Friday, 5 April 2013

What anthroposophism means to my family and what it meant to Clara and Ernst Lehrs



It feels very much as if it belongs to the New Age. It’s a little creepy when you read works by and about Rudolf Steiner and he uses word such as the “astral body” and the “etheric body” and he talks of his own reincarnation that actually should have happened somewhere in the United States in 2002. I find myself asking where is that ten or eleven-year old and what is s/he doing now? Do I really believe this happens?
And yet. If one takes out the strange language, a lot of what Steiner says in his various lectures, particularly those about education, makes an awful lot of sense. 
The first Waldorfschule, as Steiner schools are known in Germany, was built at Stuttgart. Ernst Lehrs taught there. He and Clara Lehrs built a house nearby which offered accommodation to students during the week. Later that house, the very house after which this blog is named,   would accommodate and protect a class of disabled children with severe learning difficulties. In 1973 I visited the school. The family of my mother-in-law’s best friend attended. I was taken there by the two daughters of the well-known architect, Gűnter Behnisch. Being an award-winning architect does not preclude you from sending your children to a Steiner School. Not many private schools are tolerated in Germany. The Steiner education system is.   
Nothing seemed particularly strange at the school. It was in a leafy suburb of Stuttgart.  As far as I could tell, it taught the normal range of subjects in quite small classes. I’ve been in British education system since 1974 – until 2006 at secondary level and now in higher education. What I and others consider good practice – as opposed to some crazy tick-box hurdles – always seems to line up with what happen in the Steiner schools. The latter don’t seem to have any tick-box craziness.          
My mother-in-law, Renate Edler, attended the Michael Hall Steiner School in London and during World War II was evacuated with them to Minehead. I tell her story in my novel Potatoes in Spring in my blog of the same name. My husband’s parents considered Steiner education for him and we also considered it for our children. In the end, because we all wanted out children to remain in the main stream, because we didn’t know how we would pay the fees and because of the practicalities of getting the children to school, we decided against it.
Ernst Lehrs had fought in World War I.  He became an officer. He came home disillusioned with society. He continued his studies in the natural sciences and obtained his doctorate in 1923.  But he found some of the experiments he had to do tedious and meaningless, despite the excitement in physics at the time because of the discoveries of Albert Einstein and Max Planck. Steiner offered him a spiritual perspective and a common sense approach to science.

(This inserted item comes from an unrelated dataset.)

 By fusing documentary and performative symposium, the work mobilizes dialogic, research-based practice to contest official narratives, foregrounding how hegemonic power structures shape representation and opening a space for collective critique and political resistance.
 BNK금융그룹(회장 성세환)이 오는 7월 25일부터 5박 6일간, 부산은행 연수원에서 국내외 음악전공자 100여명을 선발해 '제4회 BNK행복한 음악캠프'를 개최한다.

Clara Lehrs was born into a Jewish family. She and husband Ernst became protestant at the beginning of the 20th century. She also became an anthroposophist later and her faith in this sustained her through many of the horrors of the Holocaust. She was resistant at first. She couldn’t quite believe what Steiner offered and it was most likely her intimate relationship with her son that persuaded her to help him and the organisation generally. By the time she was living amongst the Rexingen Jews towards the end of her life she was wholly convinced and used her own faith to help others.